Malgré ces premières données encourageantes, plusieurs incertitudes demeurent. L’étude Similarweb ne précise pas si le facteur 2,5 s’applique uniformément à tous les secteurs ou s’il varie significativement. Les trois cas analysés (finance, voyage, beauté) montrent des écarts importants dans les taux de visite absolus, suggérant que l’impact dépend du contexte.

Autre question : la stabilité des recommandations. ChatGPT est régulièrement mis à jour, et rien ne garantit qu’un site recommandé aujourd’hui le sera encore dans six mois. « Nous avons constaté des variations importantes d’une version de modèle à l’autre », observe un consultant en AIO. « Une marque citée systématiquement par GPT-4 peut disparaître des réponses de GPT-4.5. »

Enfin, l’opacité des critères pose un problème de contrôle. Contrairement au SEO, où des guidelines officielles existent, l’AIO reste une boîte noire. Les entreprises optimisent à l’aveugle, sans certitude sur ce qui fonctionne réellement. « C’est le Far West », résume une responsable marketing. « Nous testons, mesurons, ajustons, mais sans garantie. »

Vers une monétisation du canal ?

L’étude Similarweb intervient dans un contexte particulier : OpenAI explore activement des modèles de monétisation au-delà de l’abonnement ChatGPT Plus. En avril 2026, des publicités Amazon ont été repérées dans certaines réponses ChatGPT, selon Business Insider. Un signal que le canal pourrait basculer d’un modèle gratuit (recommandations organiques) à un modèle payant (recommandations sponsorisées), à l’image de Google Ads.

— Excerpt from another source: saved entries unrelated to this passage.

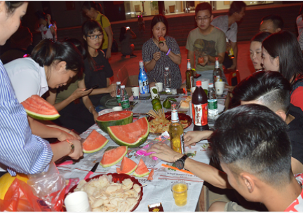跑步結束后,緊接著燒烤活動正式開始,隨著音樂響起,場面十分熱鬧,一片歡聲笑語的。員工們把燒烤桌拼在一起,有的在品者美味的燒烤,有的在玩游戲,有的在開心的交談著,場面溫暖而熱烈。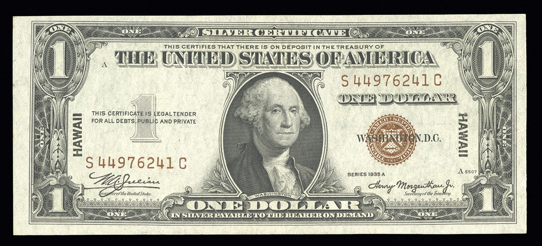 Fr.2300. $1. Silver Certificate. 1935A. HAWAII. Brown seal. No.S44976241C. Plate A. Choice Uncirculated.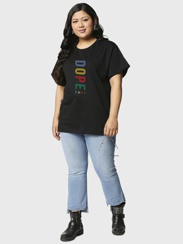 Bewakoof Women's Graphic Printed Boyfriend Fit Half Sleeve Round Neck Cotton Jersey Plus Size T-Shirt

« Si OpenAI lance un programme publicitaire, cela changerait complètement la donne », prévient un analyste du secteur. « Le facteur 2,5 actuel reflète des recommandations organiques. Avec des placements payants, nous pourrions voir une concentration du trafic sur les annonceurs, au détriment des sites optimisés naturellement. »

Cette perspective inquiète certains professionnels, qui y voient un risque de reproduire les travers du SEO : une course aux enchères où les budgets l’emportent sur la pertinence. D’autres y voient au contraire une opportunité : « Si le trafic ChatGPT convertit vraiment mieux, investir dans des recommandations sponsorisées pourrait être plus rentable que Google Ads », estime un directeur acquisition.

Implications réglementaires et éthiques

Au-delà des enjeux marketing, cette étude soulève des questions de régulation. En Europe, le Digital Services Act (DSA) impose aux grandes plateformes de recommandation une transparence sur leurs algorithmes. ChatGPT, avec ses centaines de millions d’utilisateurs, pourrait tomber sous le coup de cette législation.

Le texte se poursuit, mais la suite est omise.